В словах Матвея Ивановича Карсыбеку почувствовалась печаль, и ему стало жаль этого доброго человека.
— Но он приедет к вам? — участливо спросил Карсыбек.
— Не знаю, — коротко ответил Матвей Иванович. — Ну, а теперь давай, брат, спать. Утром встанем рано-рано.
— А где будем спать?
— Ты пойдешь в машину и ляжешь на заднем сиденье… Погоди, я устрою тебе постель.
Матвей Иванович отошел к машине, на которую падали отблески пламени. Карсыбек подложил в костер еще камыша, и огонь взвился к небу, прорезая тьму степной ночи. Потом Матвей Иванович окликнул Карсыбека; тот встал, разминая затекшие ноги, юркнул в машину, положил голову на что-то мягкое, свернулся калачиком. Матвей Иванович укрыл его своим полушубком, и Карсыбек заснул мгновенно.
Натянув на себя тяжелый дубленый тулуп, Матвей Иванович сел к костру. Иногда Карсыбек просыпался, поднимал голову и видел костер, а около него Матвея Ивановича, погруженного в раздумье. Потом он снова окунался во что-то легкое, как пух.

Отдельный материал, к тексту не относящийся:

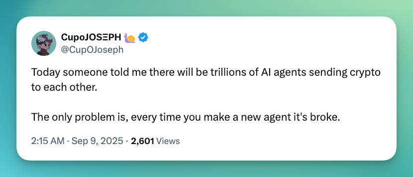 Takeaway: Before everyone gets too excited about the dawn of autonomous agents that'll all make money, let's not forget, every agent created needs money from someone.

Проснулся Карсыбек, когда солнце больно укололо его своим горячим лучом, протер глаза и в недоумении оглянулся вокруг. И тут все вспомнилось ему.
Карсыбек выбрался из машины, подбежал к Матвею Ивановичу, который уже возился у костра, готовя завтрак, и, в приливе несказанной ребячьей благодарности за эти необыкновенные часы в его жизни, обнял его и всем телом прильнул к нему.
Матвей Иванович, тихо и ласково усмехнувшись, поцеловал Карсыбека в лоб и сказал, чтобы он поспешил привести себя в порядок.
— Завтрак уже готов. Поедим — и за дела. Быстро!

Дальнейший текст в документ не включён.